# sound and smell coming from the engine



## newbuy (Aug 20, 2005)

I have 1998 Altima GXE . Recently some sort of frictious sound started coming from the engine and also burning smell .
I got it checked up by a mechanic and he said the water pump was faulty and needed to be replaced . But since the temp of engine was normal , I wanted to get it checked up by another guy . This mechanic said that the water pump was all normal , but the belts were all cracked up .

Could anyone give their expert advice.


----------



## Asleep (Jan 19, 2003)

newbuy said:


> I have 1998 Altima GXE . Recently some sort of frictious sound started coming from the engine and also burning smell .
> I got it checked up by a mechanic and he said the water pump was faulty and needed to be replaced . But since the temp of engine was normal , I wanted to get it checked up by another guy . This mechanic said that the water pump was all normal , but the belts were all cracked up .
> 
> Could anyone give their expert advice.


get in there and look for leaks. look for leaks that could be dripping onto the exhaust and/or leaks that are getting flung around the engine bay.


----------



## newbuy (Aug 20, 2005)

Checked for leaks , but couldnt find anything .

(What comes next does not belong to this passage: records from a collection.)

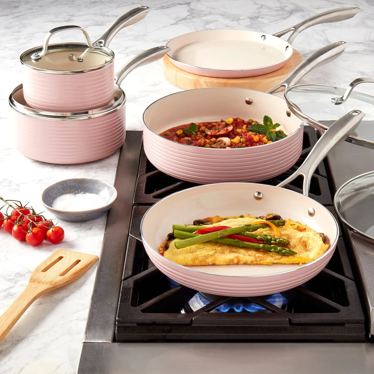 The 10PC non-stick aluminum cookware set from Denmark Tools for Cooks is beautifully designed and has been carefully crafted to uphold the stellar performance expected from high-quality cookware. This set couples superb non-stick coating with a durable aluminum construction that is ideal for daily use in high-traffic kitchens. The 10PC set includes everything necessary for a complete cookware collection. PFOA-Free non-stick coating provides incredible food release while easy to clean interior and exterior. Ergonomically designed handles provide a comfortable grip; tempered glass lids allow you to monitor the food without disturbing the cooking process.
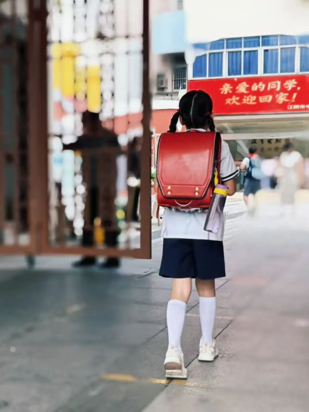 孩子已蹦跳着往校门跑
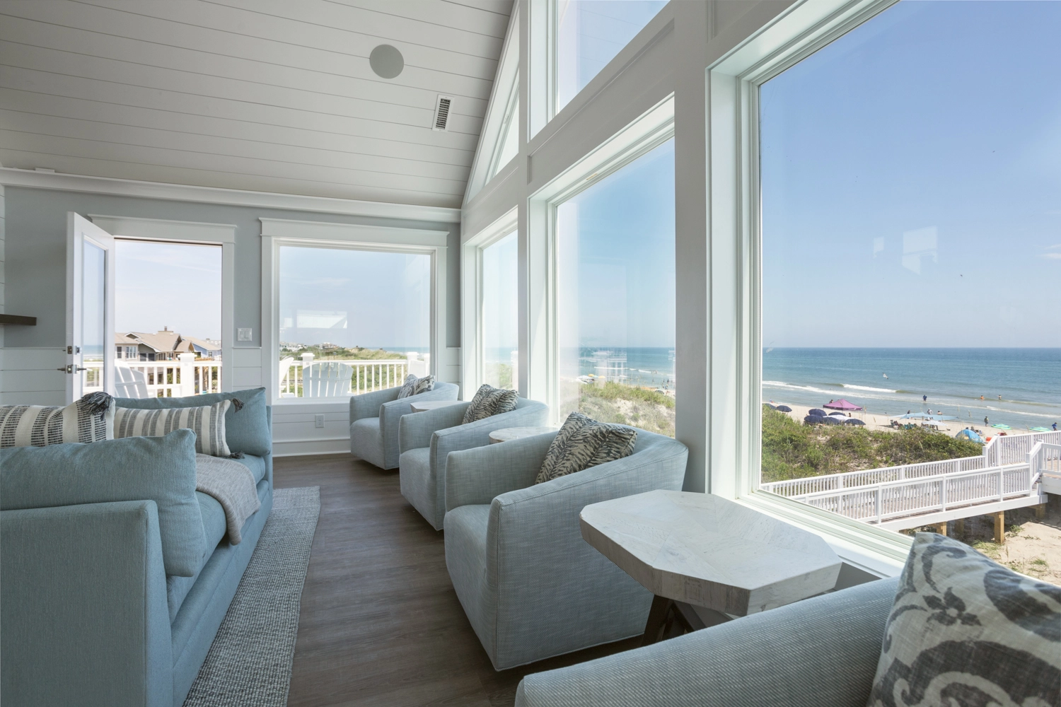 "I thought we'd stayed in great OBX houses before, including even more expensive rentals, but Spyglass was the best yet. The attention to architectural and construction detail and to providing "all the comforts" was just fine. The house was designed to give the guests the best imaginable appliances, cabinetry, furniture, and of course the views. . And since it was built only 2 years ago, everything was in perfect shape."

Another guy was sayin that the smell is coming from the alternator .


----------



## tcratboy321 (Apr 11, 2005)

its your ac belt hittin your other belts... happens to most altimas.... turn on your ac to full blast and rev the car to 5000 rpms and then let off... if you hear the sqealing then its your ac belt wich needs to be replaced or tightened


----------



## newbuy (Aug 20, 2005)

tcratboy321 said:


> its your ac belt hittin your other belts... happens to most altimas.... turn on your ac to full blast and rev the car to 5000 rpms and then let off... if you hear the sqealing then its your ac belt wich needs to be replaced or tightened


But i hear the squeeling and whirring sound even when the AC is not on.!!


----------